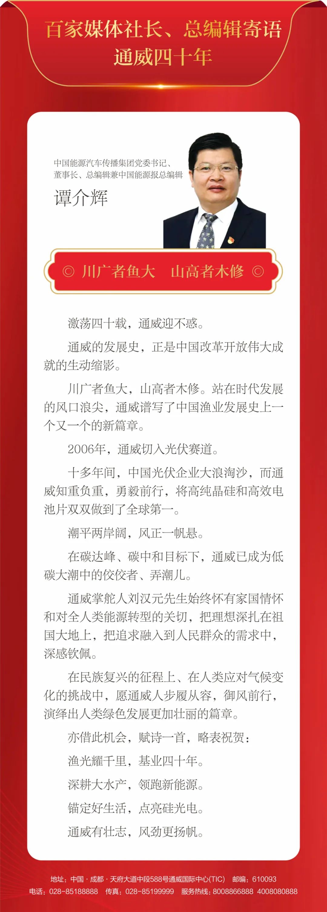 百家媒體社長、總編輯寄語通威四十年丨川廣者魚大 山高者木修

...

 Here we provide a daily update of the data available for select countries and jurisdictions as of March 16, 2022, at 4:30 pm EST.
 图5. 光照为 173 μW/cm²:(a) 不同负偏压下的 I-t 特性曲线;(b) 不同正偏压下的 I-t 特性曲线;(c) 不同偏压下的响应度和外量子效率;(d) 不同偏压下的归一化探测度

---

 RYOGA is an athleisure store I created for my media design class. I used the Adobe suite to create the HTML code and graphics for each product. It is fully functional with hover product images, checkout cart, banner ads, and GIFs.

**Work to be completed:**
Above are the records. Print exactly, and only, the lines from the line with "Here we provide" to the line with "图5. 光照为 173", both inclusive.

**Exercise answer:**
 Here we provide a daily update of the data available for select countries and jurisdictions as of March 16, 2022, at 4:30 pm EST.
 图5. 光照为 173 μW/cm²:(a) 不同负偏压下的 I-t 特性曲线;(b) 不同正偏压下的 I-t 特性曲线;(c) 不同偏压下的响应度和外量子效率;(d) 不同偏压下的归一化探测度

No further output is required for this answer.